Sarkola Marja E, Grénman Seija E, Rintala Marjut A M, Syrjänen Kari J, Syrjänen Stina M
Department of Obstetrics and Gynecology, Turku University Central Hospital, Turku, Finland.
Acta Obstet Gynecol Scand. 2008;87(11):1181-8. doi: 10.1080/00016340802468308.
To analyze human papillomavirus (HPV) DNA in umbilical cord blood and in placenta, including its cellular localization.
Longitudinal prospective study.
Maternity Unit of Turku University Hospital, and MediCity, University of Turku.
Placental and cord blood samples obtained at delivery from 315 mothers and 311 neonates included in the Finnish HPV Family Study.
HPV testing by nested PCR and sequencing. Tyramide amplified in situ hybridization (ISH) for viral DNA localization in placenta. Correlation to mother's and neonate's oral and genital HPV status and maternal demographic data.
Detection and cellular localization of HPV DNA.
HPV DNA was detected in 4.2 and 3.5% of placenta and cord blood samples, respectively, including HPV types 16, 6, 83 and 39. In placenta, HPV6 and 16 DNA was localized in syncytiotrophoblasts. Abnormal cytology increased the risk of HPV+ placenta and cord blood. History of genital warts was the only independent predictor of cord blood HPV in multivariate analysis (adjusted OR=4.0, 95% CI: 1.09-14.54, p=0.036). HPV DNA in cord blood increased the risk of genital (OR=4.0, 95% CI: 1.08-14.83, p=0.048) and oral (OR=4.4, 95% CI: 1.17-16.14, p=0.039) HPV DNA carriage of the neonate. HPV+ placenta increased the risk of oral HPV of the neonate (OR=8.6, 95% CI: 2.73-27.13, p=0.0001). Delivery mode did not predict HPV status of the neonate.

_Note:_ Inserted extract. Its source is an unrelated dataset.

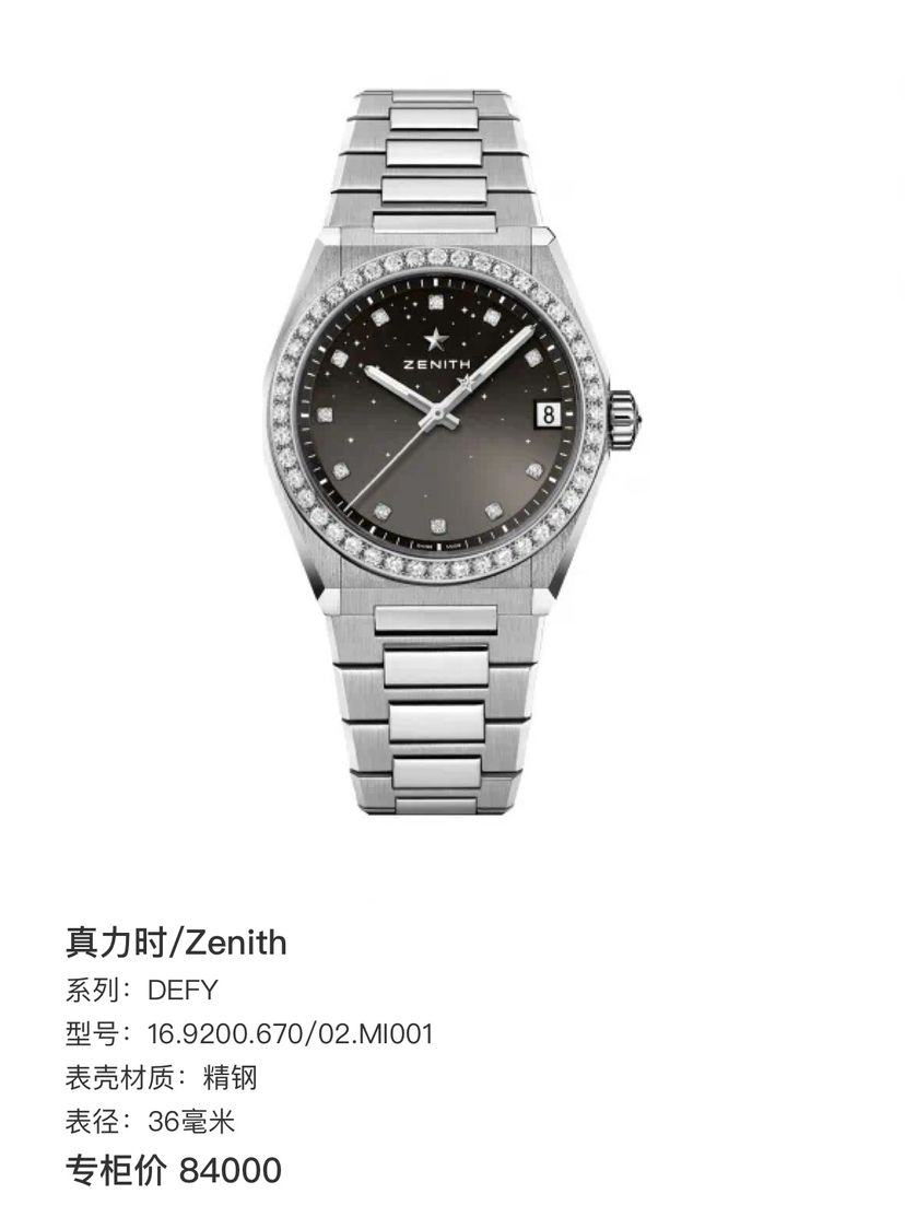 真力时/Zenith DEFY 16.9200.670/02.MI001 精钢 36毫米 专柜价84000 近期卡未使用全套

HPV DNA is detected in placental trophoblasts and umbilical cord blood. The presence of HPV DNA at these sites increases the risk of a neonate testing HPV-positive at birth.
分析人乳头瘤病毒(HPV)DNA在脐带血和胎盘中的情况,包括其细胞定位。
纵向前瞻性研究。
图尔库大学医院妇产科及图尔库大学医学城。
从芬兰HPV家庭研究纳入的315名母亲和311名新生儿分娩时获取的胎盘和脐带血样本。
采用巢式PCR和测序进行HPV检测。用酪胺信号放大原位杂交(ISH)法对胎盘中的病毒DNA进行定位。与母亲和新生儿的口腔及生殖器HPV状态以及母亲的人口统计学数据进行相关性分析。
HPV DNA的检测及细胞定位。
分别在4.2%的胎盘样本和3.5%的脐带血样本中检测到HPV DNA,包括16、6、83和39型HPV。在胎盘中,HPV6和16 DNA定位于合体滋养层细胞。细胞学异常增加了胎盘和脐带血HPV阳性的风险。在多因素分析中,尖锐湿疣病史是脐带血HPV的唯一独立预测因素(校正比值比=4.0,95%可信区间:1.09 - 14.54,p = 0.036)。脐带血中的HPV DNA增加了新生儿生殖器(比值比=4.0,95%可信区间:1.08 - 14.83,p = 0.048)和口腔(比值比=4.4,95%可信区间:1.17 - 16.14,p = 0.039)HPV DNA携带的风险。HPV阳性胎盘增加了新生儿口腔HPV的风险(比值比=8.6,95%可信区间:2.73 - 27.13,p = 0.0001)。分娩方式不能预测新生儿的HPV状态。
在胎盘滋养层细胞和脐带血中检测到HPV DNA。这些部位存在HPV DNA会增加新生儿出生时HPV检测呈阳性的风险。